Suggested-by: Valentin Schneider <vschneid@redhat.com>
Signed-off-by: Hao Jia <jiahao.os@bytedance.com>
---
  kernel/sched/topology.c | 7 +++++--
  1 file changed, 5 insertions(+), 2 deletions(-)

diff --git a/kernel/sched/topology.c b/kernel/sched/topology.c
index 05b6c2ad90b9..c439e58f22b9 100644
--- a/kernel/sched/topology.c
+++ b/kernel/sched/topology.c
@@ -1907,6 +1907,9 @@ void sched_init_numa(int offline_node)
  	}
  	rcu_assign_pointer(sched_domains_numa_masks, masks);

+	if (nr_node_ids == 1)
+		goto skip;
+
  	/* Compute default topology size */
  	for (i = 0; sched_domain_topology[i].mask; i++);

@@ -1918,8 +1921,7 @@ void sched_init_numa(int offline_node)
  	/*
  	 * Copy the default topology bits..
  	 */
-	for (i = 0; sched_domain_topology[i].mask; i++)
-		tl[i] = sched_domain_topology[i];
+	memcpy(tl, sched_domain_topology, sizeof(struct 
sched_domain_topology_level) * i);

  	/*
  	 * Add the NUMA identity distance, aka single NODE.
@@ -1946,6 +1948,7 @@ void sched_init_numa(int offline_node)
  	sched_domain_topology_saved = sched_domain_topology;
  	sched_domain_topology = tl;

+skip:
  	sched_domains_numa_levels = nr_levels;
  	WRITE_ONCE(sched_max_numa_distance, 
sched_domains_numa_distance[nr_levels - 1]);

thanks,
Hao

Re: [External] Re: [PATCH] sched/topology: Optimized copy default topology in sched_init_numa()

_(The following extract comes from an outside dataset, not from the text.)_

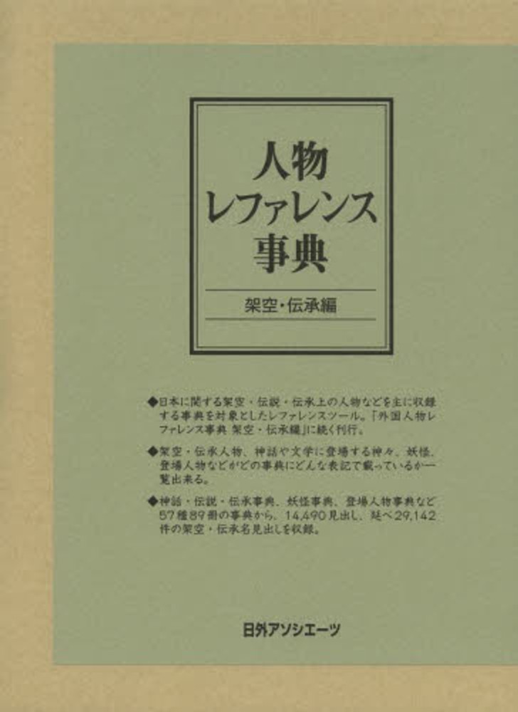 日本に関する架空・伝説・伝承上の人物などを主に収録する事典を対象としたレファレンスツール。架空・伝承人物、神話や文学に登場する神々、妖怪、登場人物などがどの事典にどんな表記で載っているか一覧出来る。神話・伝説・伝承事典、妖怪事典、登場人物事典など57種89冊の事典から、14,490見出し、延べ29,142件の架空・伝承名見出しを収録。「外国人物レファレンス事典架空・伝承編」に続く刊行。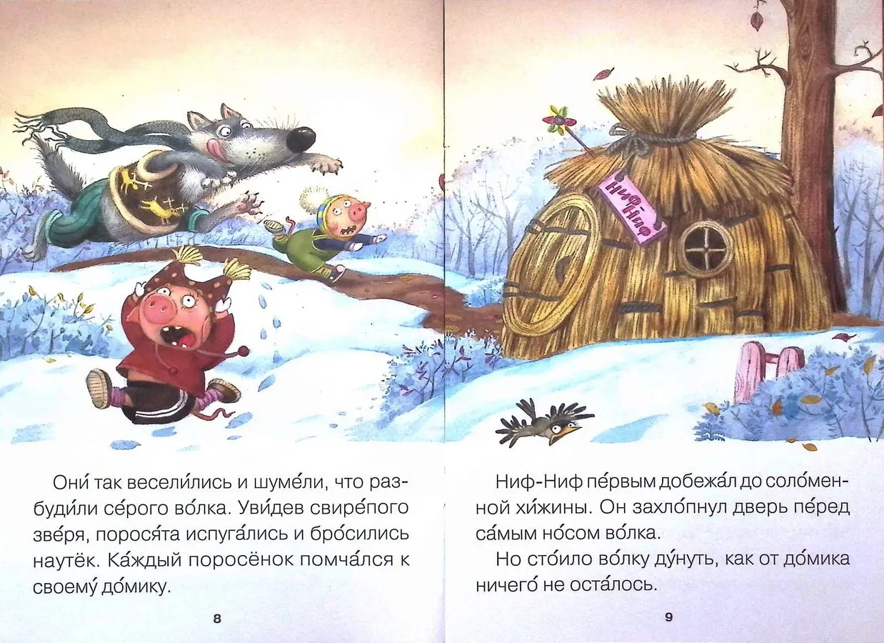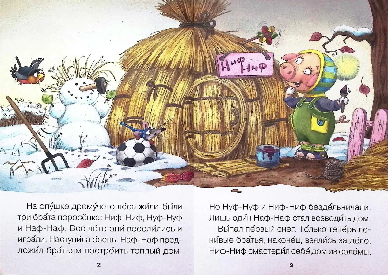 Поучительная история о трёх братцах-поросятах (Ниф-Нифе, Нуф-Нуфе и Наф-Нафе) и коварном Волке увлечёт маленького читателя с первых страниц. А чтобы процесс чтения был максимально комфортным и приносил только радость, эта книга продумана до мелочей.

Posted by Valentin Schneider 3 years, 9 months ago

On 11/07/22 18:28, Hao Jia wrote:
> On 2022/7/4 Valentin Schneider wrote:
>>
>> It's not a very hot path but I guess this lets you shave off a bit of boot
>> time... While you're at it, you could add an early
> Thanks for your time and suggestion.
>>
>>    if (nr_node_ids == 1)
>>            return;
>>
>
> This will cause the values of sched_domains_numa_levels and
> sched_max_numa_distance to be different from before, and
> sched_domains_numa_levels may cause the return value of
> sched_numa_find_closest() to be different.
> I'm not sure if it will cause problems.
>

True, we need to be careful here, but those are all static so they get
initialized to sensible defaults (zero / NULL pointer).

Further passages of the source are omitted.